One of the more reasonable use cases for modern “AI” (statistical pattern matching and generating machines) is to support doctors in diagnostics, especially in the evaluation of complex data sets / documents in order to determine potentially dangerous abnormalities.

It’s a problem tailor-made for neural networks (it’s actually one of the types of cases with that we got trained on them back when I was still studying in the beginning of the 2000s): You have large more or less clean and tagged sets of data of diagnosed x-rays and such that you can feed into your system to train a detector. Now since human beings are not really standardized/normalized the results are never 100%, one person’s abnormal is another person’s normal. But you can get decent results.

Results that “AI” hypesters often celebrate: Look AI’s not a hype, studies show that AI systems are better than X% of doctors at diagnosing Y!

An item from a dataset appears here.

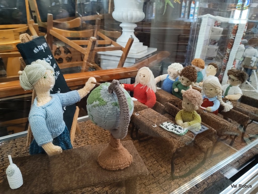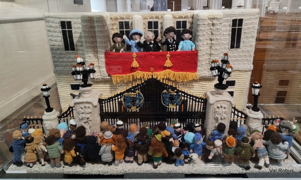The first thing that struck me was the detail. I saw knitted soldiers with miniature helmets, landing craft approaching the beaches, woollen smoke coming from buildings. The attention to detail is just incredible, from tiny cakes and tea cups, to pigeons and corgis at Buckingham Palace.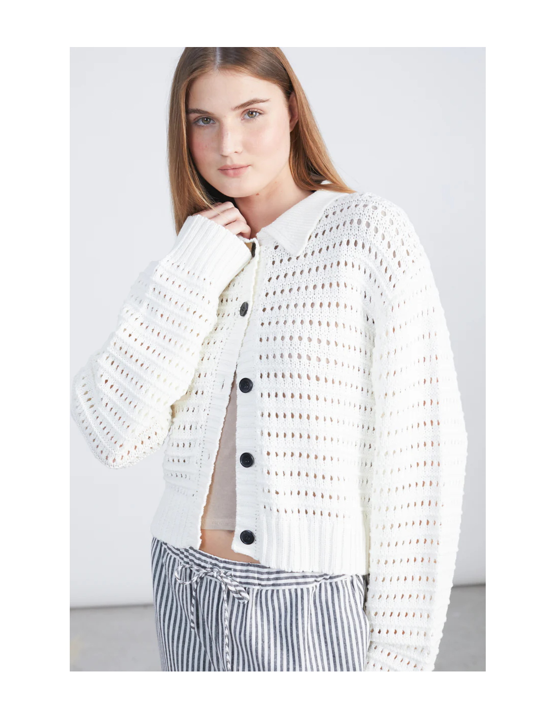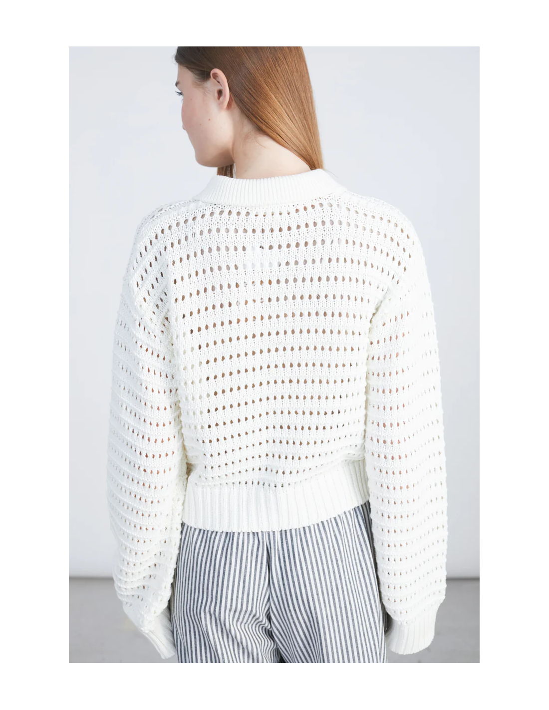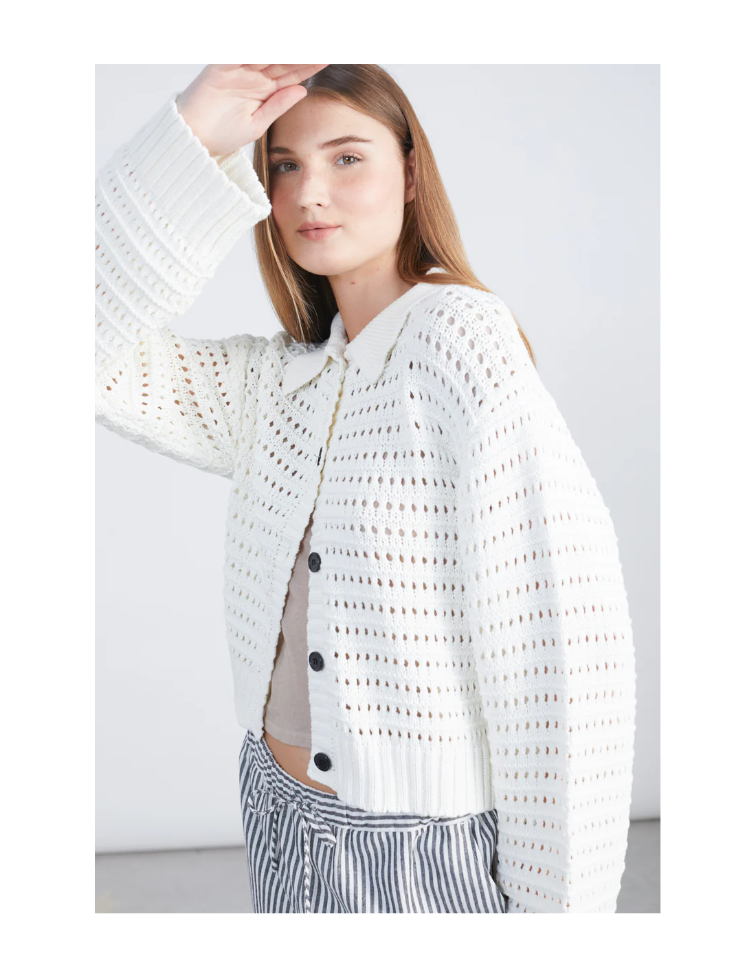 Πλεκτή ζακέτα με διάτρητο σχέδιο σε λευκό

I think that many people don’t fully understand the context though: What we see time and time again is that these systems are better than a significant percentage of doctors at diagnoses. Cool. But which doctors?

More often than not you will find that these systems are better than new or unexperienced doctors but worse than experienced specialists. Which isn’t surprising. It’s like with text: ChatGPT and others generate text that’s decent-ish and better than what first semester students would write but usually a lot worse than what experienced professionals create. AI is cheap and mediocre.

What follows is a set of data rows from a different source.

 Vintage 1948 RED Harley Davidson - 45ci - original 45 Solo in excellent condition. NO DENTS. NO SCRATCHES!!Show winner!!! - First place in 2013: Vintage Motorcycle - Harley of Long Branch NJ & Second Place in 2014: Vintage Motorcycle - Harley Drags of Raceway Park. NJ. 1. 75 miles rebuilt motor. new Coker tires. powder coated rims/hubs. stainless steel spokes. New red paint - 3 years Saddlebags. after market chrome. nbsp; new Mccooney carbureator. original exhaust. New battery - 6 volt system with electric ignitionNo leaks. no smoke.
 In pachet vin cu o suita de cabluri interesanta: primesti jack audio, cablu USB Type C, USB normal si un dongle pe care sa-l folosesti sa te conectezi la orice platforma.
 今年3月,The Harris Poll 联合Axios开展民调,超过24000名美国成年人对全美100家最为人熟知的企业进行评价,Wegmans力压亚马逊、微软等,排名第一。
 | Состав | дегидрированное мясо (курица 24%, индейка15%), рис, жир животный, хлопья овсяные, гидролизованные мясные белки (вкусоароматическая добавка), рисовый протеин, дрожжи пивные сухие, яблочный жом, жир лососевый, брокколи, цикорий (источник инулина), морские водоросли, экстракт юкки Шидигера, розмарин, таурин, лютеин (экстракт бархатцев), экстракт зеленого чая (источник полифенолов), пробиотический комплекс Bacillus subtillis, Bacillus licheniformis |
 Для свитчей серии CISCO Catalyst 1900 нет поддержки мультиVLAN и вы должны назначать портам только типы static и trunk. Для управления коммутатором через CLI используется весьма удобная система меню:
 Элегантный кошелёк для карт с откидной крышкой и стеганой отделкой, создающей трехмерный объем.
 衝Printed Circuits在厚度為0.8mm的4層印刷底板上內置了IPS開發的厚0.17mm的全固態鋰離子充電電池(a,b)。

Now we could say that that’s a positive: We’ve basically shifted the baseline up. No longer do you need to hope that a new doctor diagnoses your condition correctly, you have the AI level as baseline and more complex cases get sent to the experts (how many cases would be found as complex when the mediocre machine has already diagnosed the case is another very good question).

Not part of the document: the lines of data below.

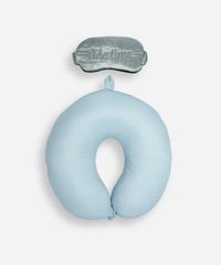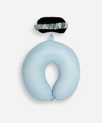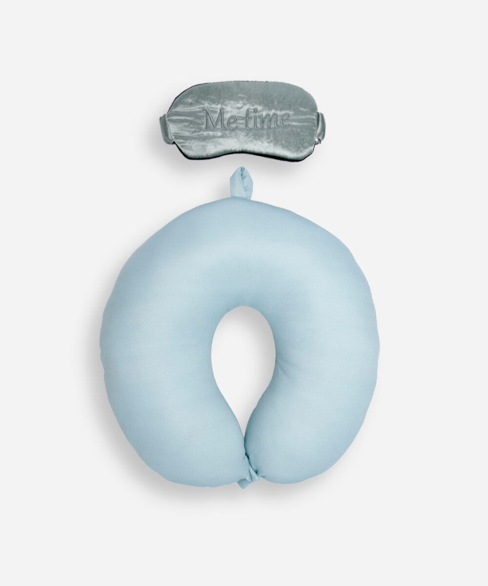 Apoio de pescoço confeccionado em malha com toque macio. O modelo tem formato de redondo, com enchimento interno e fechamento por botão de pressão Acompanha máscara para dormir com bordado escrito "Me time".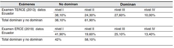 En la Tabla 1, se evidenció la evolución de la comprensión lectora de los estudiantes ecuatorianos de tercer grado, desde una mirada externa, entre el 2013 y el 2019. Según esta mirada, se ha incrementado en 3,9% el número de los estudiantes que no dominan esta competencia, alcanzando el 42%; mientras que en el mismo porcentaje (3,9%) ha disminuido el número de estudiantes que sí dominan la comprensión lectora que llega al 58,10%.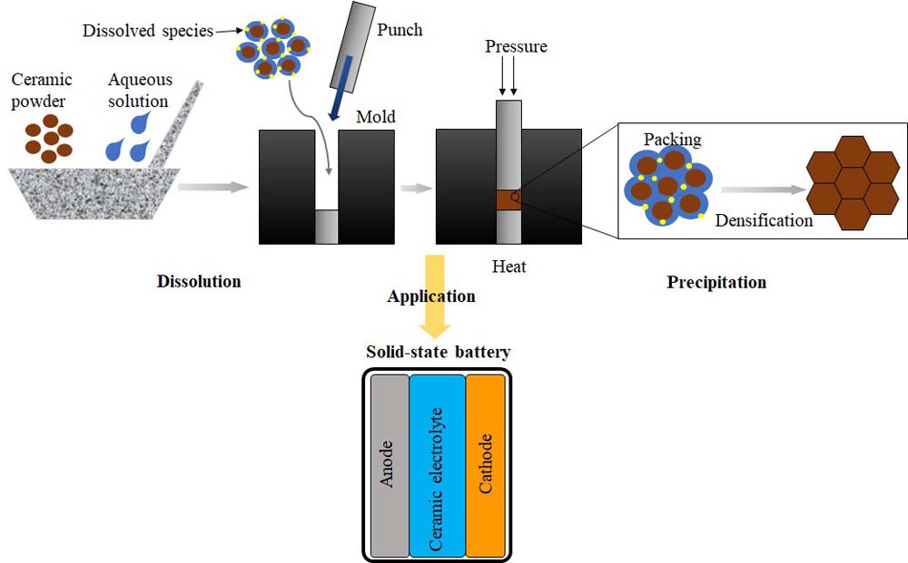 In traditional ceramic processing techniques, high sintering temperature is necessary to achieve fully dense microstructures. But it can cause various problems including warpage, overfiring, element evaporation, and polymorphic transformation. To overcome these drawbacks, a novel processing technique called “cold sintering process (CSP)” has been explored by Randall et al. CSP enables densification of ceramics at ultra-low temperature (≤300°C) with the assistance of transient aqueous solution and applied pressure. In CSP, the processing conditions including aqueous solution, pressure, temperature, and sintering duration play critical roles in the densification and properties of ceramics, which will be reviewed. The review will also include the applications of CSP in solid-state rechargeable batteries. Finally, the perspectives about CSP is proposed.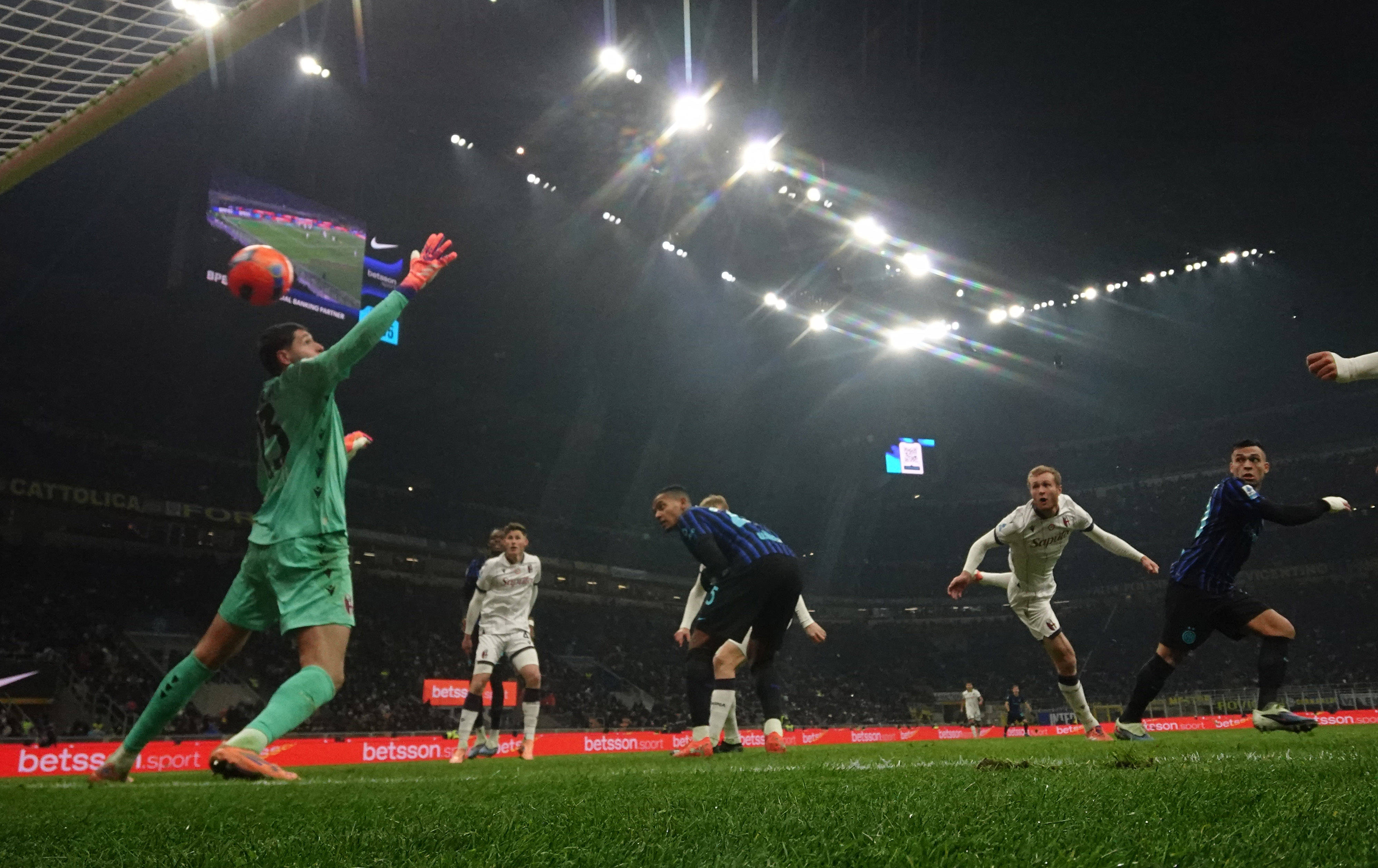 1月4日,国际米兰队球员劳塔罗·马丁内斯(右一)头球攻门得分。 新华社发(阿尔贝托·林格利亚摄)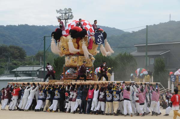川東地区太鼓台より入場開始、3番手で入場してきた田之上太鼓台 |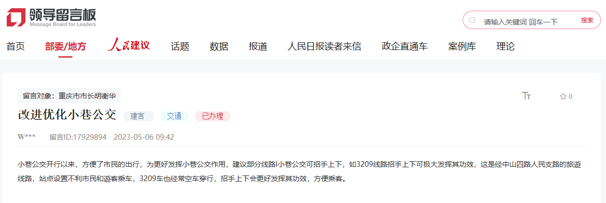 “建議部分線路的小巷公交可招手上下,如3209線路招手上下可極大發(fā)揮其功效,這是經渝中區(qū)中山四路人民支路的旅遊線路,站點設置不利市民和遊客乘車,招手上下會更好發(fā)揮其功效,方便乘客。”5月6日,該網友在留言中表示。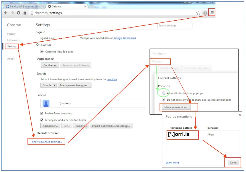 If you want to keep the pop-up blocker active, add the address https://orri.is and click Allow button in the Address of website field (red in the image). Remember to include the prefix https: - Confirm with Save Changes.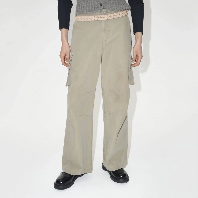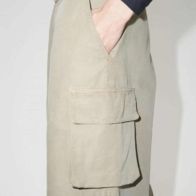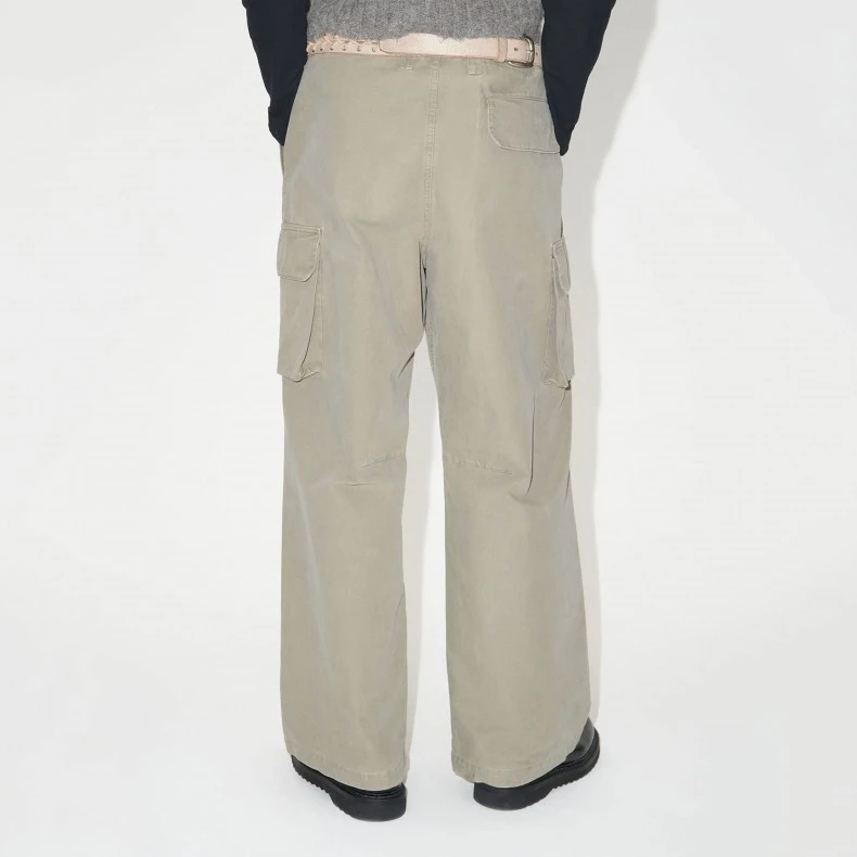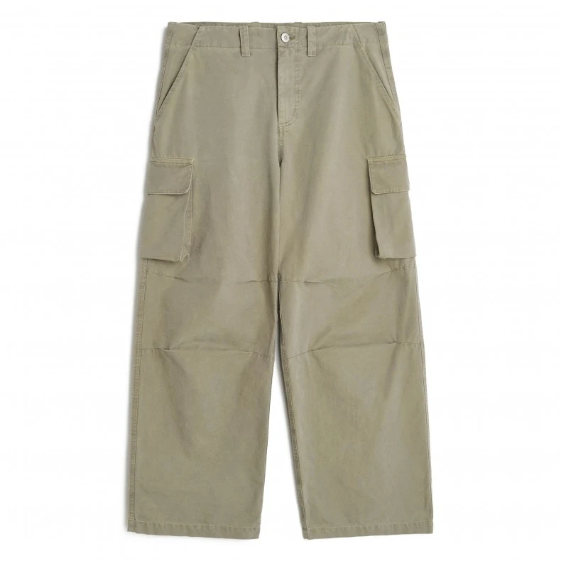 The Mount Cargo in Peafowl Canvas. Produced in an Italian canvas fabric, the men’s Mount Cargo pants have a relaxed, straight cut and feature cargo side pockets, darted knees, and a single back pocket.

But there is an issue (one that you can see coming from a mile if you’ve every heard one of my talks on “AI”): How do young, inexperienced doctors learn, if the machines diagnose all the routine cases? You learn diagnoses by diagnosing, by talking about them with your peers, especially more experienced peers. It’s great that we’ve potentially made the baseline better but how do we ensure that young physicians get enough time to practice their diagnostic skills? Because the super experienced people will die at some point. And experience does neither come cheap nor quick.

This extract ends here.